The global economy is suffering from deleveraging, excess greed and twisted regulation. There have been few bright spots in the investment kingdom during this turmoil.  One bright spot has been the extended period of historically high interest rates paid on bank products.  Since the era of banking and finance destruction has begun around the middle of 2007, the interest rates being offered on bank certificates of deposits and money market accounts have been unusally high.  The horrnedous rates of return in commodities, stocks and real estate will normally drive investment dollars into fixed rate investments and subsequently bring down the rates on all fixed interest rate investment vehilces.  By taking a quick look at the short term and mid term Treasury securities it is apparent that these rates have in fact come down substantially during the era of Cro-Magnon CD rates.   The best CD rates far surpass those paid on comparable term Treasury securities.  There are numerous reasons or theories for the high rates being offered on bank CDs and money market accounts as opposed to the rates paid on money market mutual funds and Treasury securities, but I am not nearly smart enough to expound on these theories and actions.

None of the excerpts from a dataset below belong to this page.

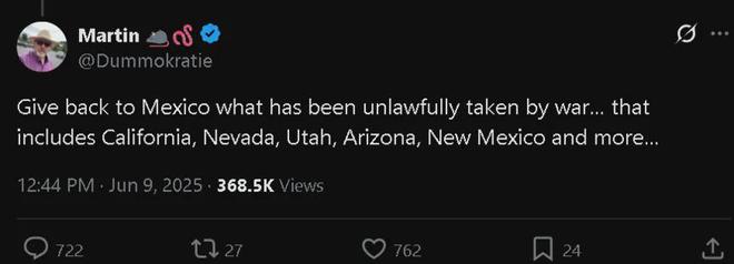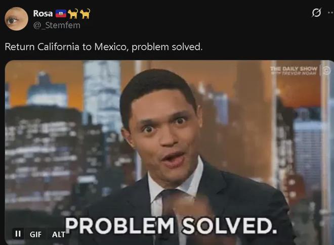 于是,考虑到洛杉矶乃至加州当地遭到美国政府驱逐的非法移民,主要就是来自墨西哥等拉美地区的,而洛杉矶和加州的官方也更倾向于保护这些移民,反对特朗普出动军队的做法,有支持特朗普的美国网民便提出了一个大胆的想法:干脆把加州卖给墨西哥得了。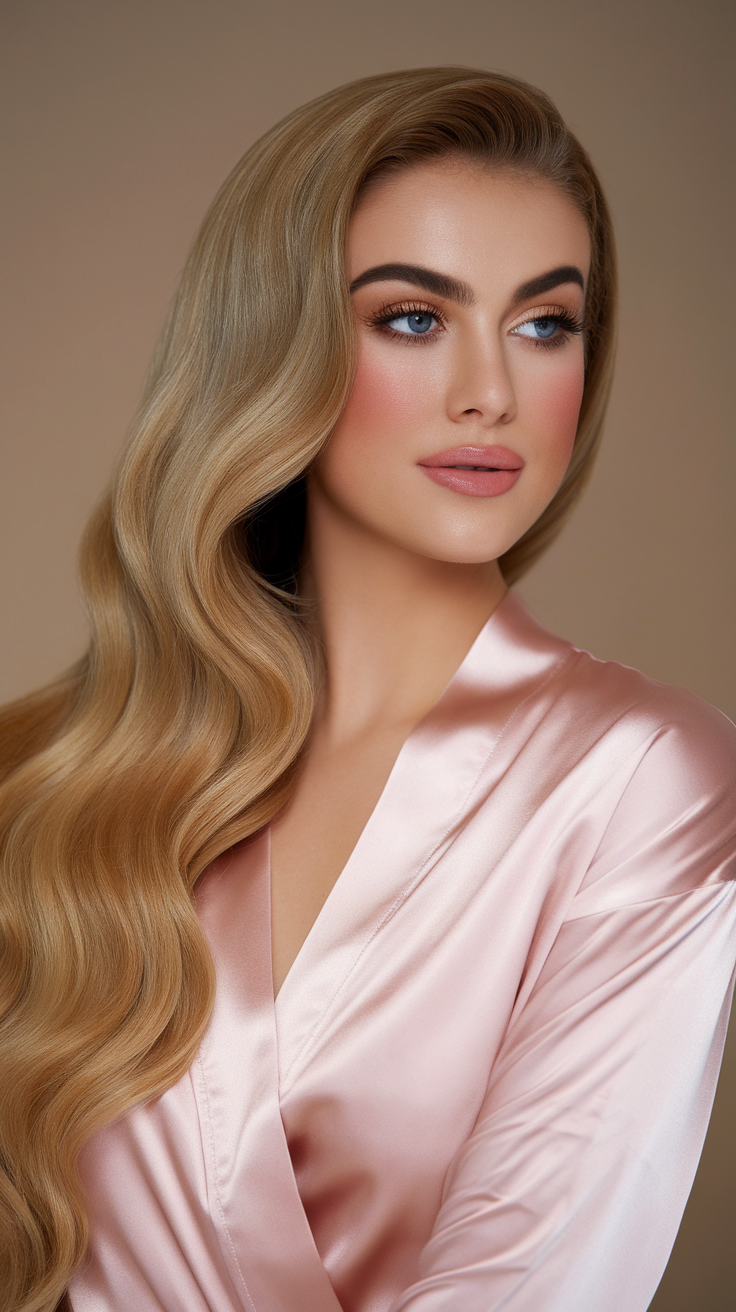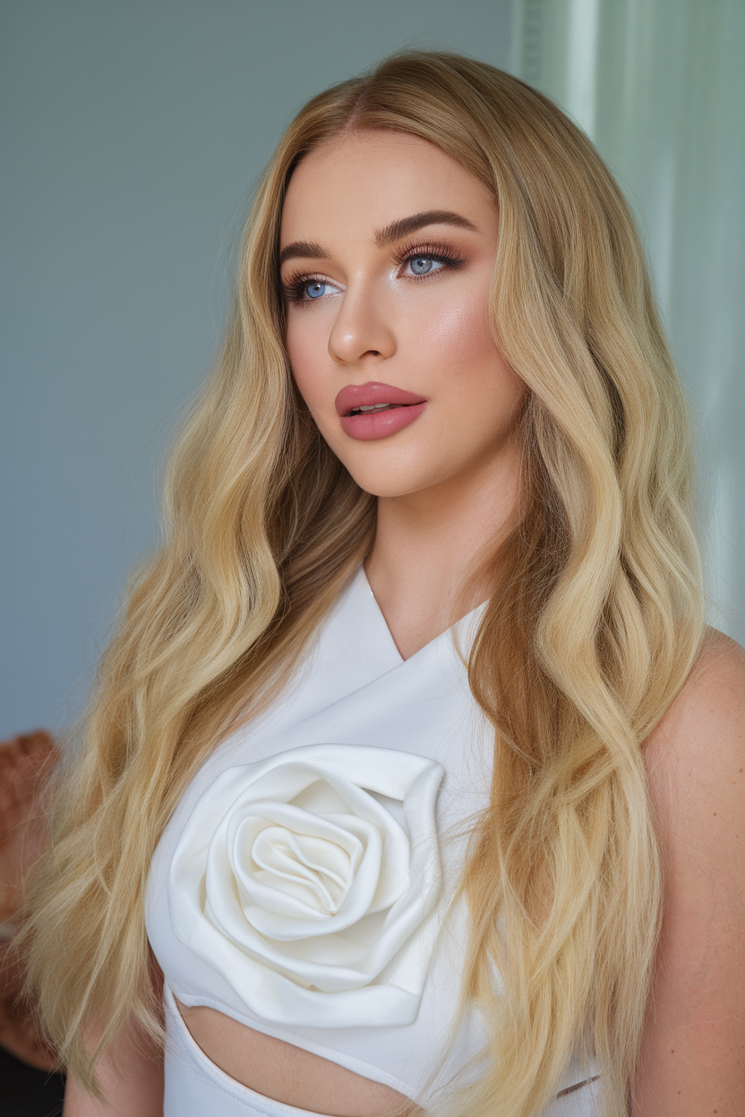 This body wave wig blends brown and honey blonde tones, creating a sun-kissed balayage effect. The layered cut adds natural dimension, while the soft waves provide movement and volume. This cute and radiant style is perfect for a spring wigs hairstyle 2025 update.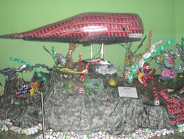 さて、館内の入り口にて門番を務めていたのは、空き缶だけでつくられた「エコ・クジラ」さん。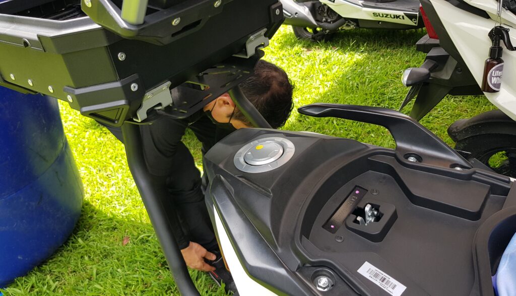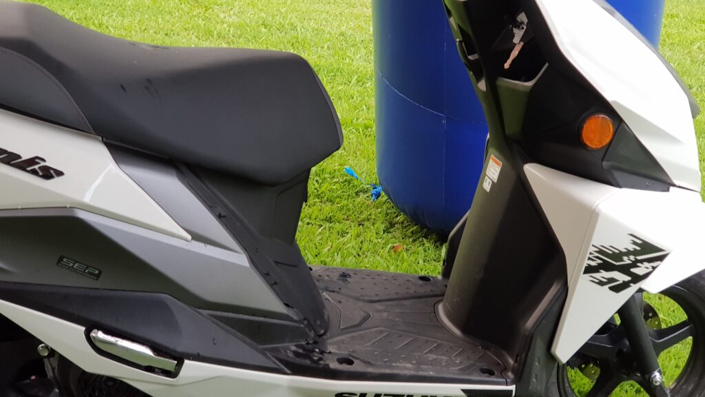 Probably the most practical feature I like best is the fuel filler lid located at the rear tail. It is not under the seat or at the center of the floorboard like in normal small scooters. This makes refuelling convenient as you do not have to get off the seat or remove your cargo from the floor board to access the fuel filler cap. Suzuki swiftly downplayed the concern of some critics that this will prevent you from mounting a top box by having one of the Avenis lead scooter equipped with the top box as proof that there is no real issue.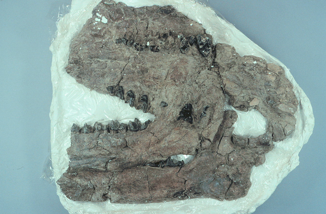 Skull of bear-like mammal, Titanoides, Sentinel Butte Fm., Billings Co., length 300 mm. USFS

The fundamental question for the future of CD rate investing will be for how long can these high CD rates continue?  As more investors pull their money out of the stock, coomodity and real estate markets, it seems likely that deposits bank are so eagerly chasing will eventually come to an end.  Once this level of satisafaction in depoist growth is reached it is possible that the CD rates will once again head down.  Of course, the prospect of rising inflation caused by the government attempt to finance the plethora of new programs may in fact force banks to continue to offer CD rates and money market rates at leverls that keep their customers happy.  Who said Cro-Magnon was extinct.